By the time we reach adulthood these compulsive liars have become pretty rare, and really stand out when we do encounter them. If anyone ever asks me about my most unforgettable character, I’ll tell them about “Roy”. I met him in college and later worked with him, and he used to sit in my office, chain-smoking cigarettes and squashing them out in the big green glass ashtray on my desk, and talking to me about his collection of assault weapons, or his former job as a bodyguard for a Mafioso, or what he heard last night while listening in on his neighbors with a parabolic antenna.

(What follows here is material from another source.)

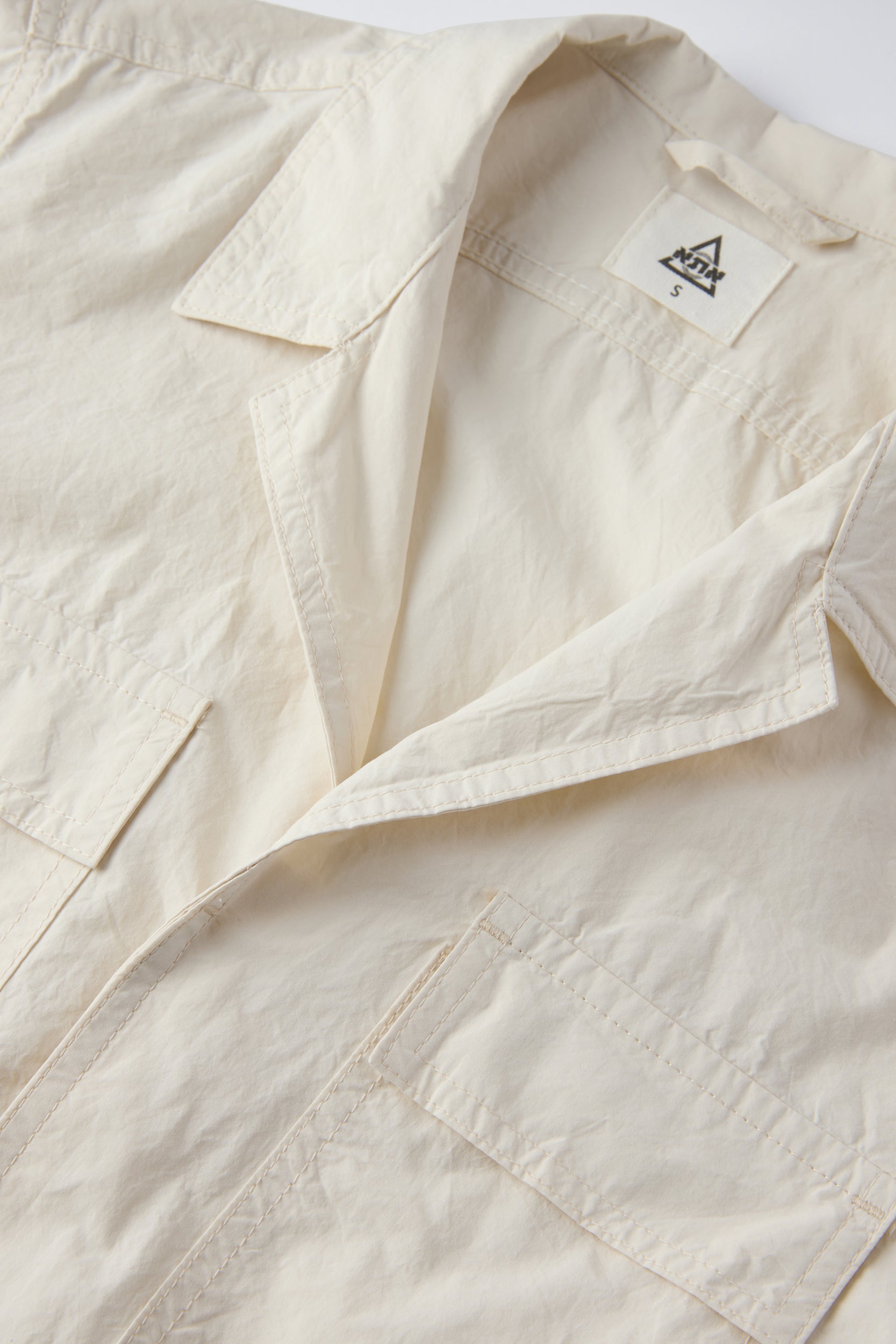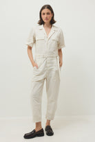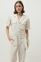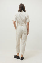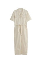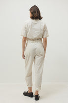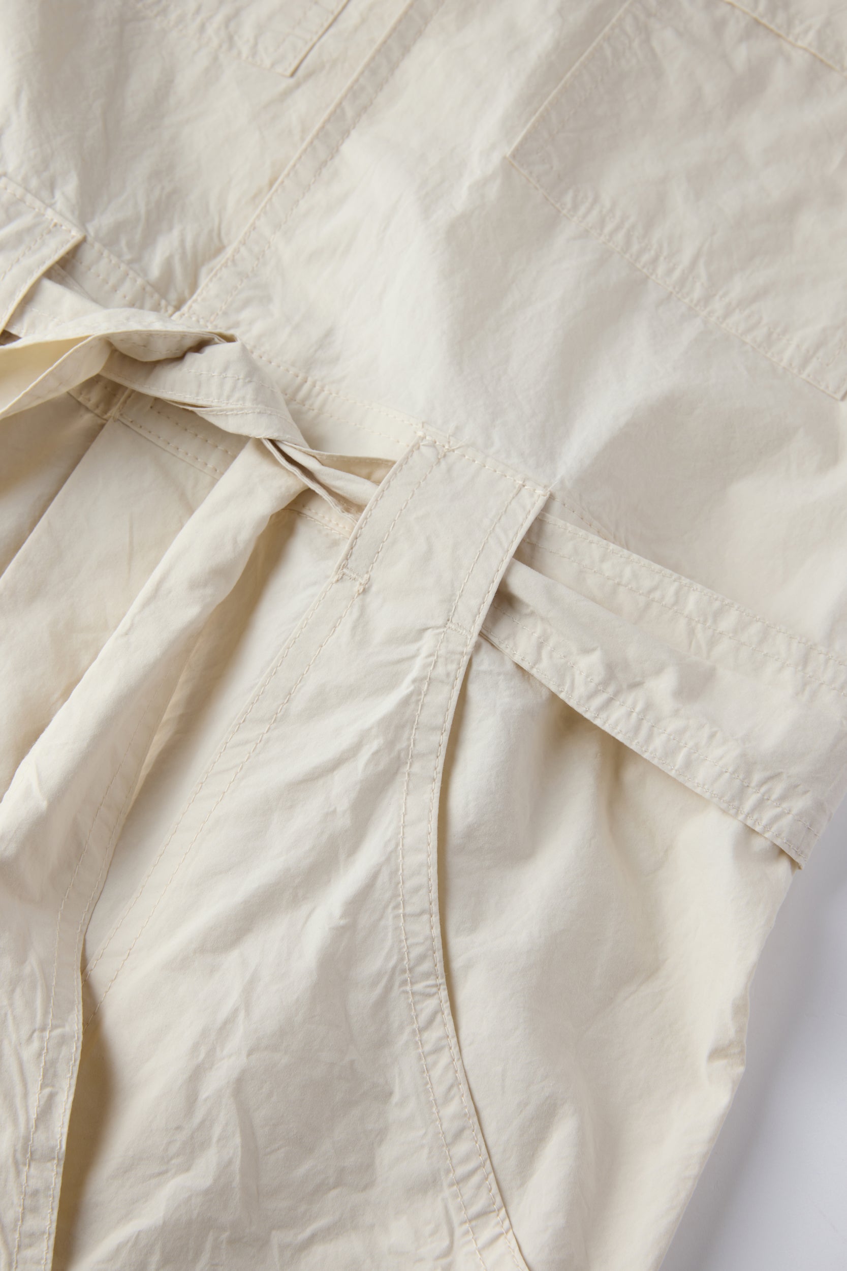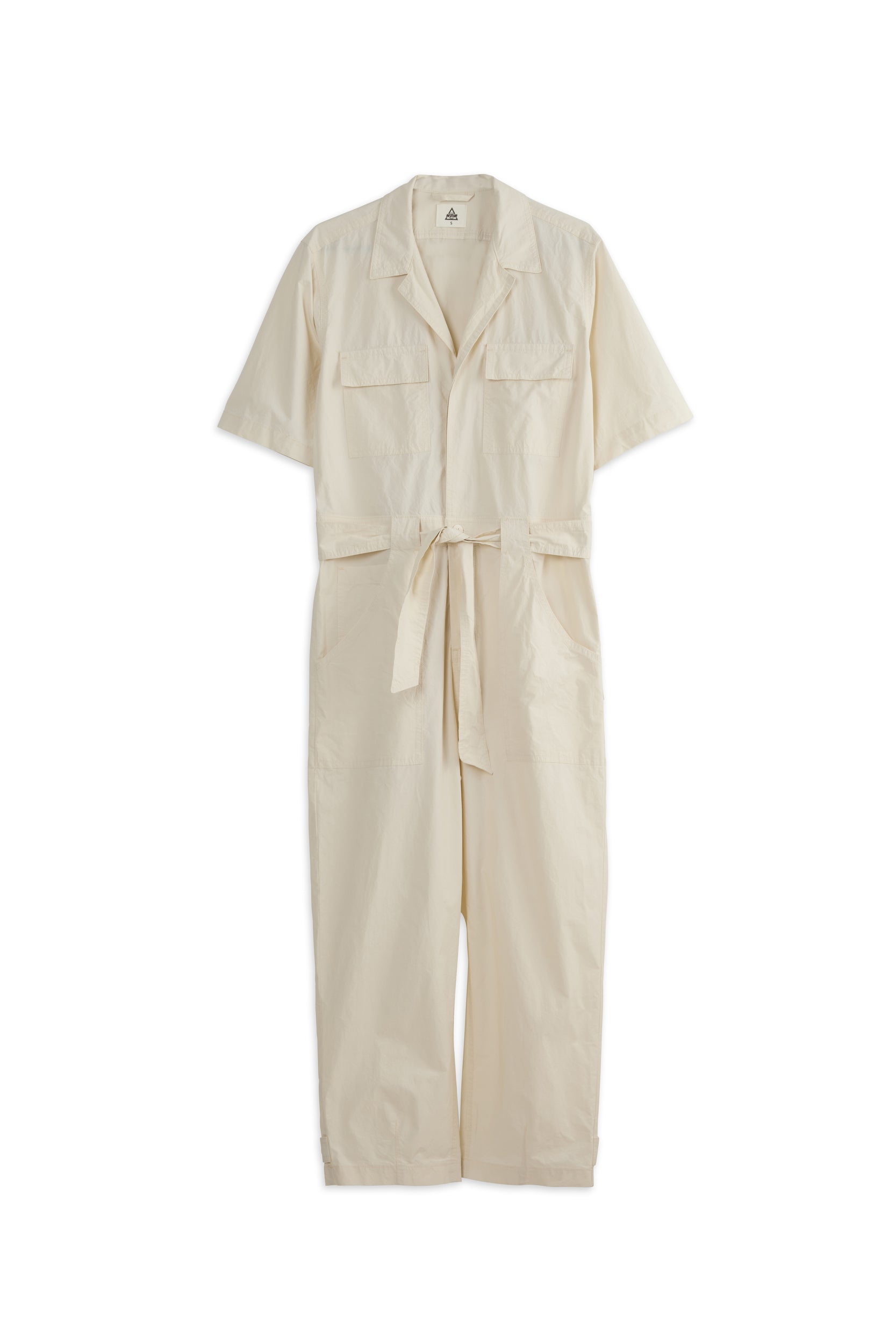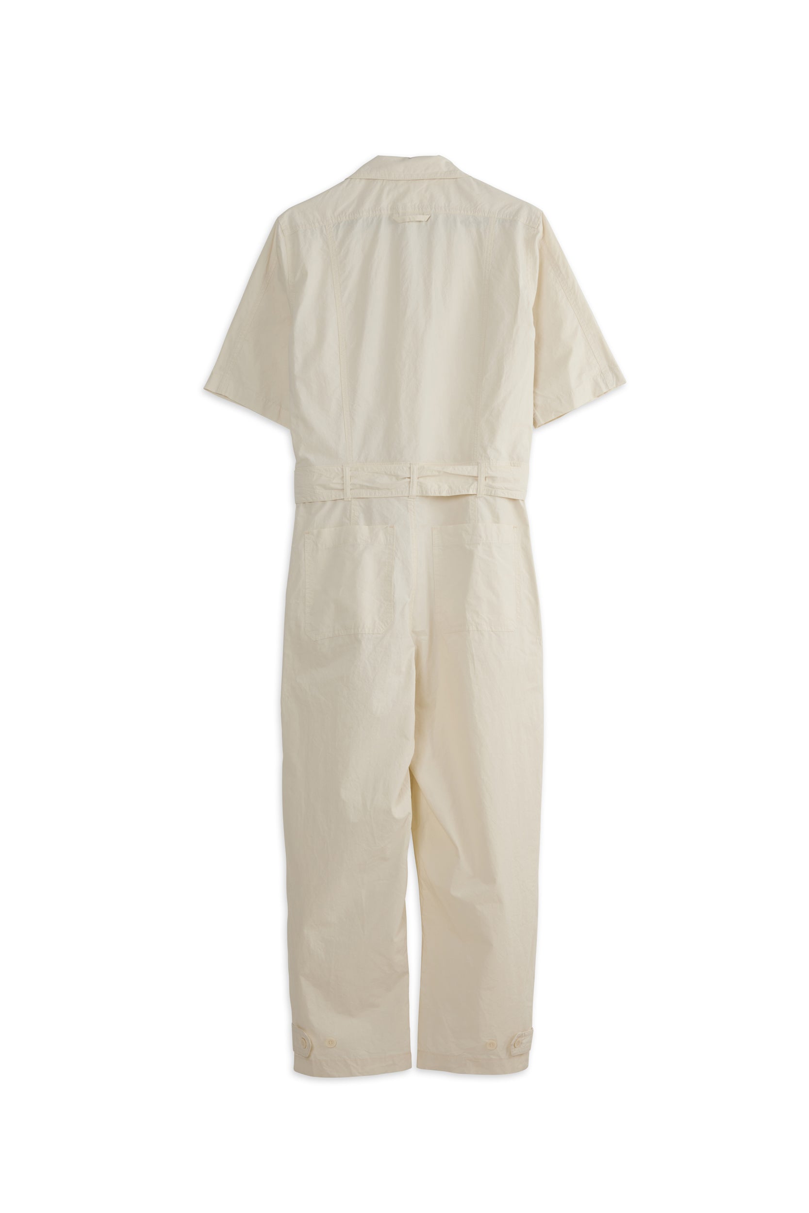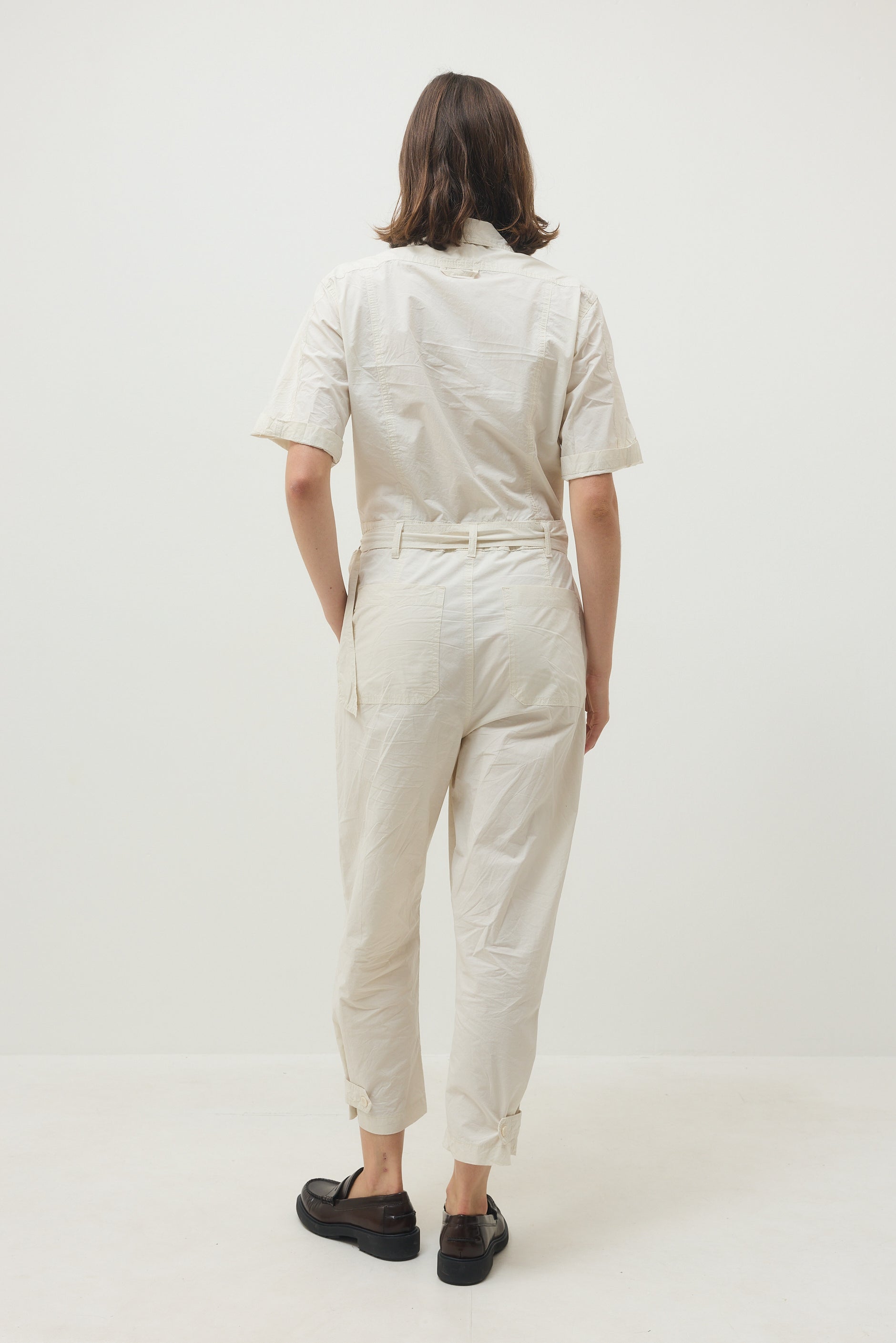 אוברול עם שרוולים קצרים בגזרה גבוהה עם חגורה. מכופתר מלפנים עם כפתור נסתר, שני כיסים בחלקו העליון ושני כיסים בתפרי הצד של המכנסיים

So yeah, James Frey’s fantasized story sounds familiar to me, because I’ve heard it before. The only difference between him and Roy is that Roy didn’t write it down and call it a memoir, and get it published. Which makes me wonder: do these people believe their own tall tales? Frey did make an effort to cover up the true nature of his past, which indicates awareness of the fraud. But it seems to me that it would take more than just nerve to write something like that up and publish it as a book, knowing that so many people would remember him, the events he described, and the truth, or lack of it, thereof. It indicates a pathology that goes beyond spinning yarns for friends and relatives, a need for -- validation? To prove to himself that it really happened that way? Hard to say. At any rate, I don’t plan to read the book. As often happens, the truth (as found at The Smoking Gun) is stranger, and more interesting, than fiction.